Multistage spatial model for informing release of Wolbachia -infected mosquitoes as disease control

Abstract Wolbachia is a naturally occurring bacterium that can infect Aedes mosquitoes and reduce the transmission of diseases such as dengue fever, Zika and chikungunya. Field trials worldwide have explored its potential for epidemic control. We introduce a partial differential equation model to simulate the spatial spread of Wolbachia infection in mosquito populations. The model incorporates detailed mosquito life stages, intricate Wolbachia maternal transmission and two-dimensional mosquito dispersion. Building on prior studies showing a threshold of infected mosquitoes is required for persistence, we identify a spatial threshold, termed the ‘critical bubble’, for achieving self-sustaining Wolbachia infection. When releasing beyond this threshold, the model predicts a spatial wave of Wolbachia infection.

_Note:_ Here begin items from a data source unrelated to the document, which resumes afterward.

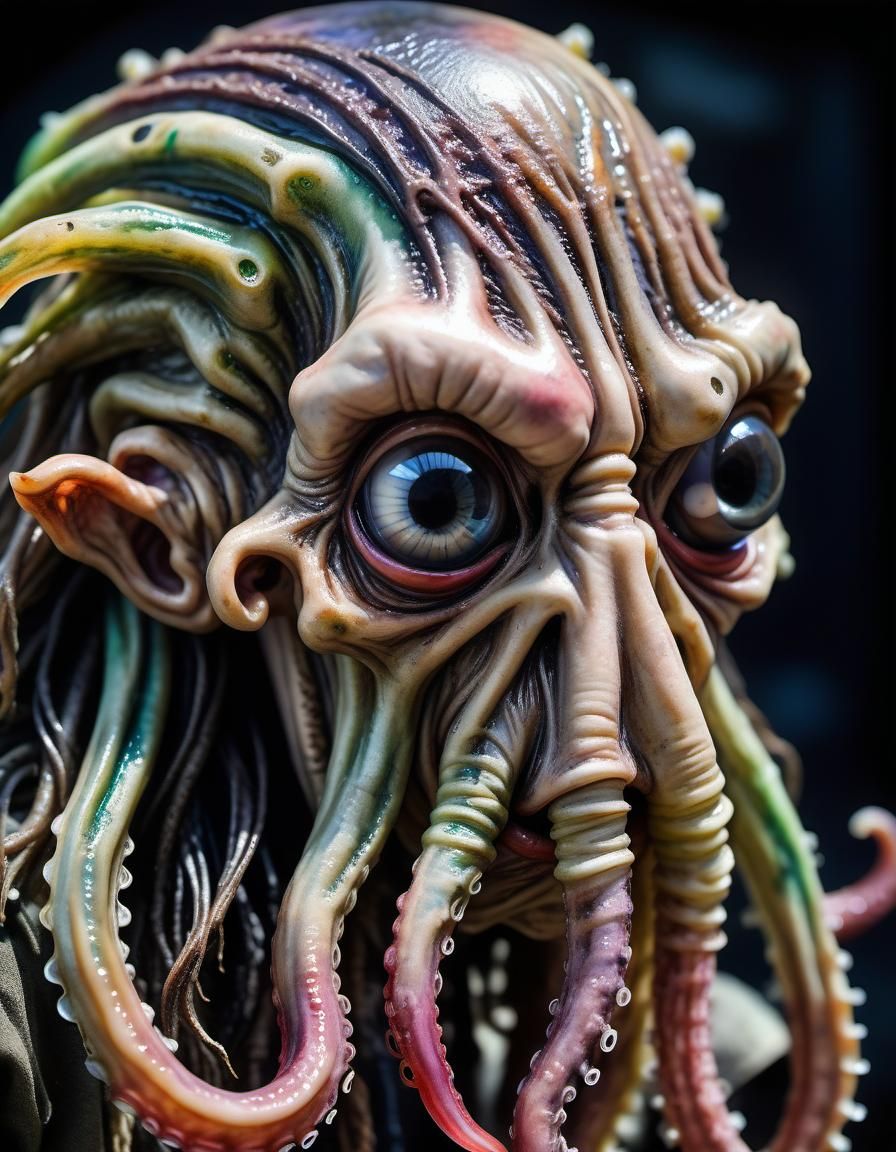 A striking picture of a deformed pirate character with tentacles, reminiscent of Davy Jones. The artwork features deep colors, sunset lighting, and intricate details in a chiaroscuro style.
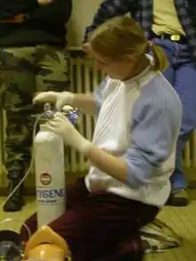 - si l'on est deux, une personne bouche la tomie et l'autre pratique le bouche-à-bouche classique ;
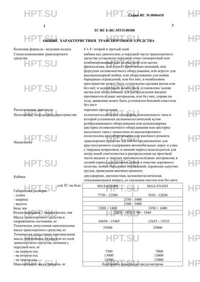 | Дополнительная информация | Модификации применяемых базовых транспортных средств: 6501В5, 5516Х5. К категории N3 относятся транспортные средства на базе транспортного средства: марка МАЗ, тип N33, модификация 6501В5; к категории N3G относятся транспортные средства на базе транспортного средства: марка МАЗ, тип N33, модификация 5516Х5. В связи с несоответствием параметров транспортных средств значениям, установленным в пунктах 1.1, 1.2, 2.1 и 2.2 приложения № 5 к техническому регламенту Таможенного союза «О безопасности колесных транспортных средств» ТР ТС 018/2011, для передвижения транспортных средств по территории государств – членов Таможенного союза необходимо оформление специального разрешения |

We quantify how the threshold and infection wave velocity depend on the diffusion process and ecological parameters and examine different intervention scenarios to inform efficient Wolbachia release strategies. Our results suggest that: (i) pre-release mitigations targeting adult mosquitoes more effectively reduce the threshold than targeting aquatic stages; (ii) releases in the dry regions lower the threshold, but the infection wave propagation may slow down or stall at the dry–wet interfaces due to the heterogeneity in carrying capacities; and (iii) initiating releases just before the wet season reduces the release threshold.